Based on current evidence, fedratinib should NOT be used routinely for chronic kidney disease outside of research studies. If future clinical trials show promise and doctors consider using it, the research suggests: (1) Use a 50% lower dose (200 mg daily instead of 400 mg) for patients with severely reduced kidney function or those age 70 and older, (2) Monitor kidney function with blood tests regularly, (3) Check vitamin B1 levels frequently, (4) Supplement with vitamin B1 if levels drop, (5) Watch for signs of brain problems (confusion, weakness, numbness). Confidence level: MODERATE—based on observational data, not controlled trials.

This research is most relevant to: (1) Kidney disease patients and their doctors considering experimental treatments, (2) Researchers developing new kidney disease therapies, (3) Pharmaceutical companies studying fedratinib for kidney disease, (4) Regulatory agencies like the FDA evaluating drug safety. People with other conditions taking fedratinib should discuss vitamin B1 monitoring with their doctors. This research should NOT change treatment for people currently taking fedratinib for approved uses without consulting their physician.

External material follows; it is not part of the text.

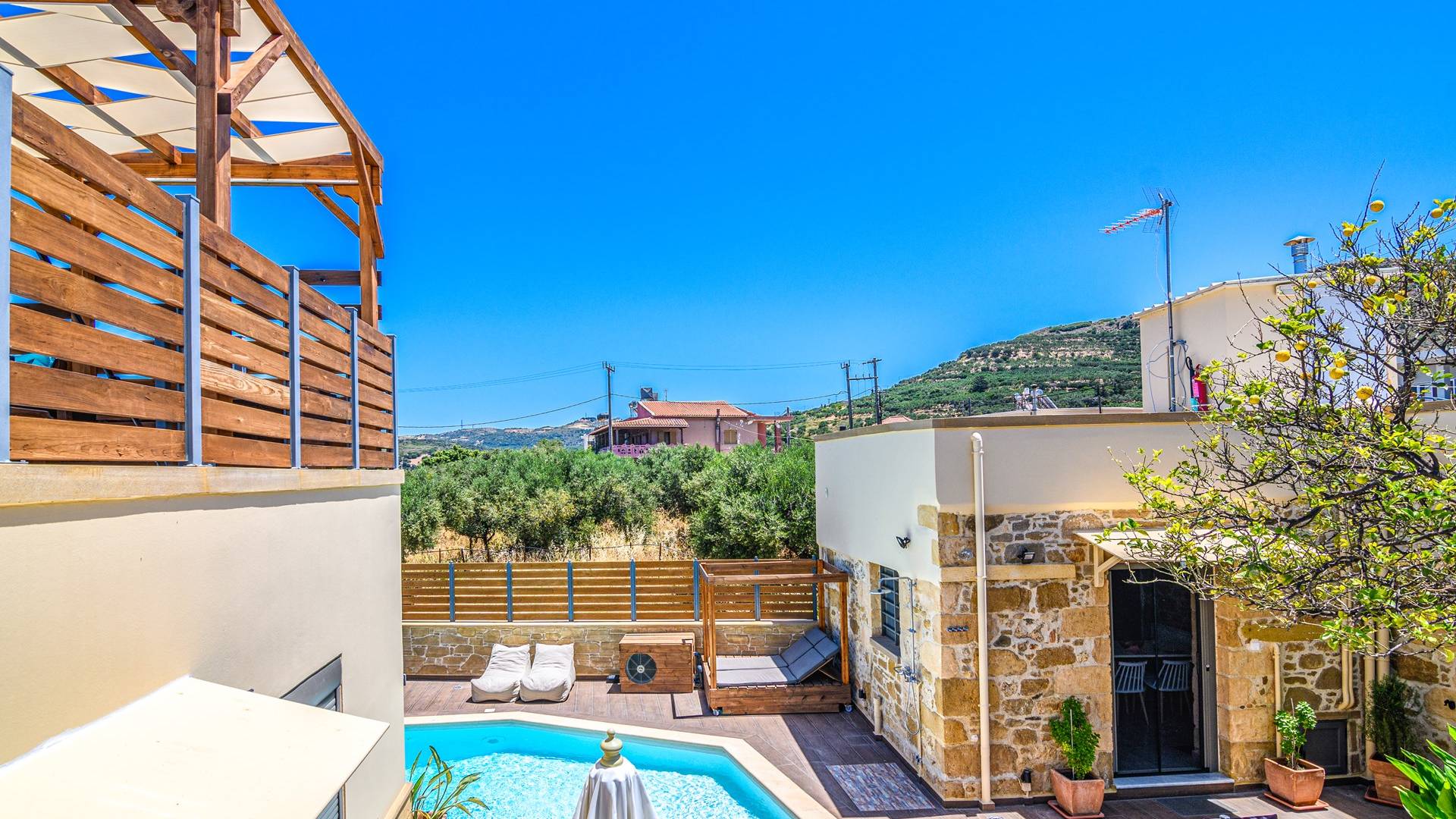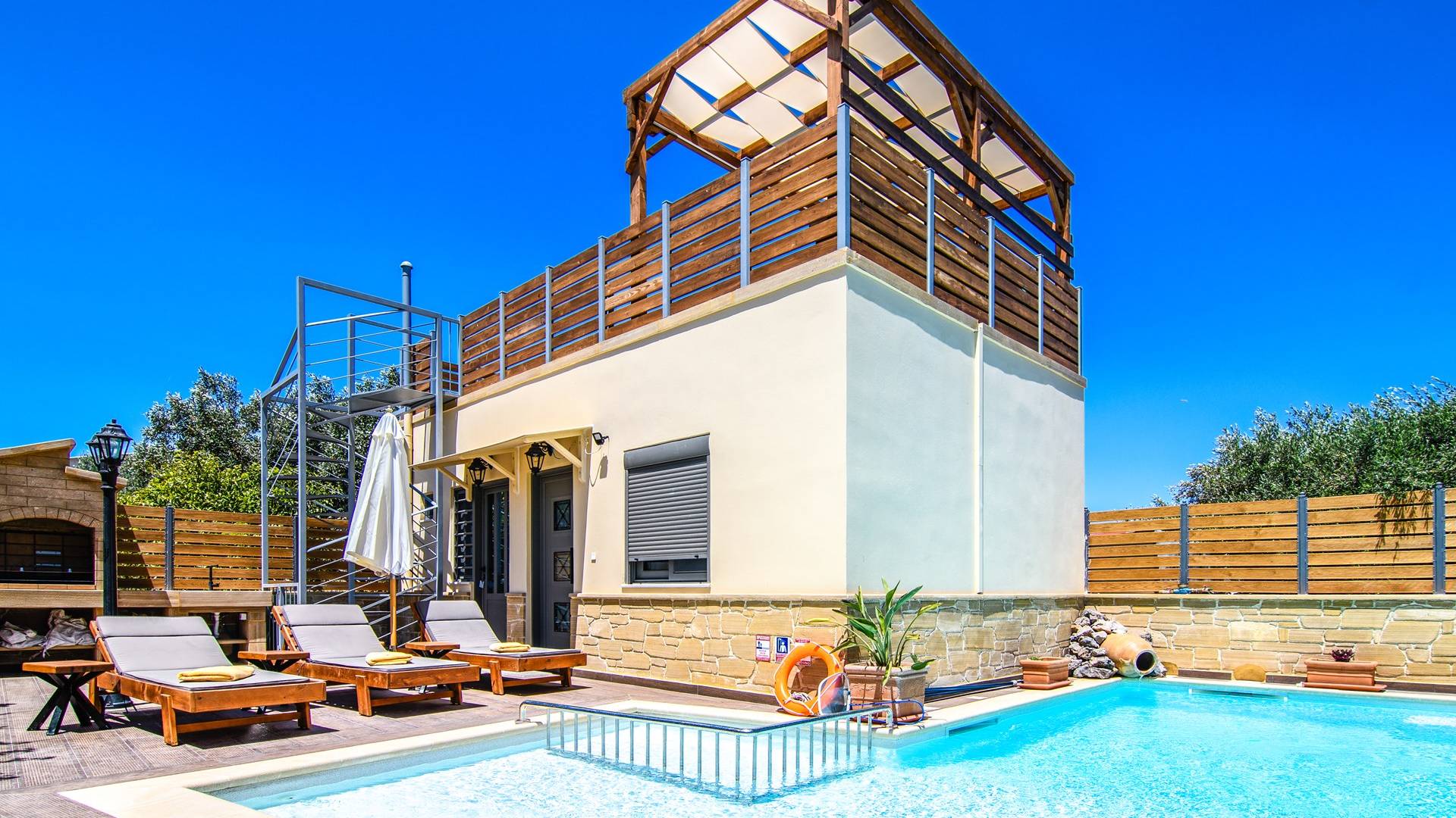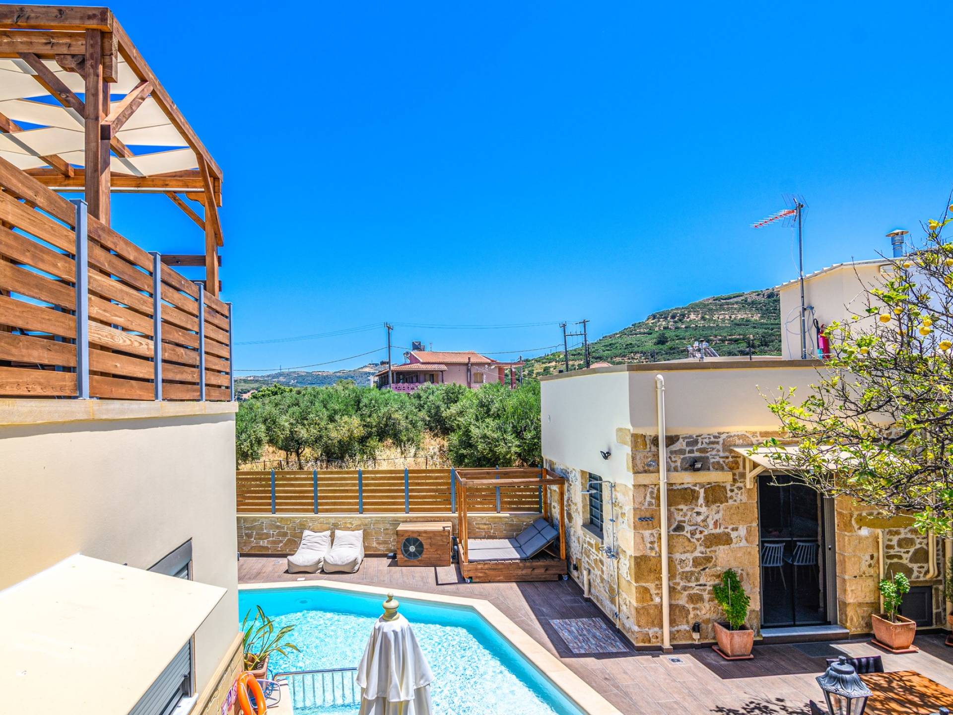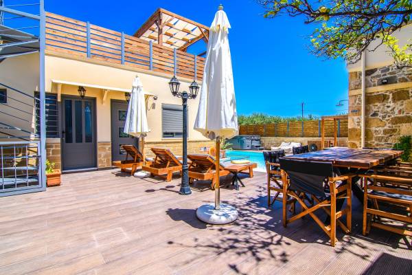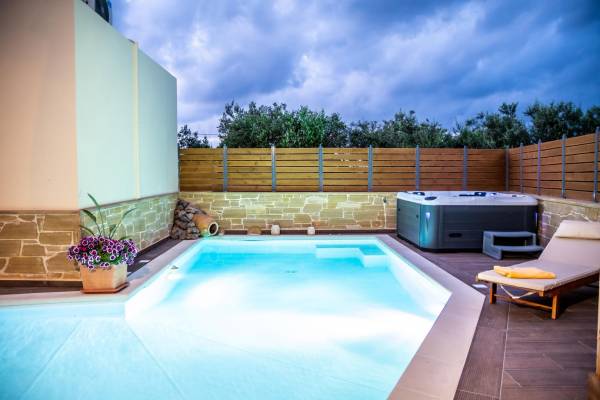 Drosa Villa Chania: escápese a un retiro privado y sereno, a pocos minutos de las impresionantes playas del oeste de Creta. Esta espaciosa villa ofrece modernidad y comodidad, cuenta con una piscina privada, una relajante bañera de hidromasaje al aire libre y una zona de barbacoa, perfecta para relajarse con estilo. Escapada de verano ideal para familias o grupos.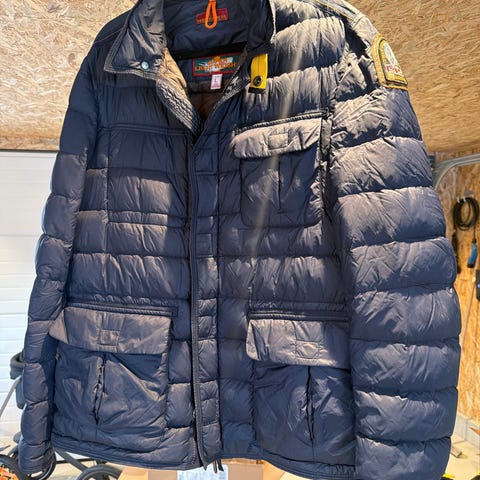 Parajumpers vinterjakke for herre i størrelse L. Jakken er svart og fylt med dun. Den har hette med pelskant, flere utvendige lommer og karakteristiske Parajumpers-detaljer. Egnet som varm vinterjakke i kaldt vær.

If fedratinib were approved for kidney disease (which is not currently the case), benefits in reducing kidney scarring might take weeks to months to appear, similar to other anti-scarring treatments. However, side effects like vitamin B1 deficiency could develop within weeks. Any actual use would require ongoing monitoring indefinitely. Realistic expectations: this is early-stage research; 5-10 years of additional clinical trials would be needed before this drug could potentially be approved for kidney disease.

Want to Apply This Research?

  • If a patient were enrolled in a clinical trial using fedratinib, they should track: (1) Kidney function markers (eGFR and creatinine levels from blood tests), (2) Vitamin B1 levels (from blood tests), (3) Symptoms of vitamin B1 deficiency (tingling in hands/feet, weakness, confusion), (4) Urinary symptoms (changes in urine color, frequency, or pain), (5) Neurological symptoms (dizziness, numbness, memory problems). Record test dates and results monthly.
  • Users in a hypothetical fedratinib trial could use an app to: (1) Set reminders for scheduled blood tests and doctor visits, (2) Log vitamin B1 supplement doses if prescribed, (3) Record any new symptoms or side effects daily, (4) Track dietary sources of vitamin B1 (whole grains, nuts, pork, fish), (5) Maintain a medication log showing exact doses and timing, (6) Generate reports to share with their doctor at appointments.
  • Long-term monitoring would require: (1) Monthly blood tests for kidney function (eGFR, creatinine) and vitamin B1 levels for the first 3-6 months, then quarterly if stable, (2) Regular doctor visits (monthly initially, then every 3 months) to review results and symptoms, (3) Annual comprehensive kidney disease assessments, (4) Continuous symptom tracking through the app with alerts for concerning changes, (5) Coordination between nephrology (kidney specialist) and primary care doctors, (6) Documentation of all side effects for safety reporting.

This research is preliminary and does not establish that fedratinib is safe or effective for treating chronic kidney disease. Fedratinib is not currently approved by the FDA for kidney disease treatment. This article is for educational purposes only and should not be used to make medical decisions. If you have chronic kidney disease, consult your nephrologist (kidney specialist) before considering any new treatments. If you are currently taking fedratinib for an approved condition, do not stop or change your dose without talking to your doctor. The findings about vitamin B1 deficiency and kidney problems are based on observational data and require confirmation through controlled clinical trials. Anyone experiencing symptoms like confusion, weakness, numbness, or changes in urination while taking fedratinib should contact their healthcare provider immediately.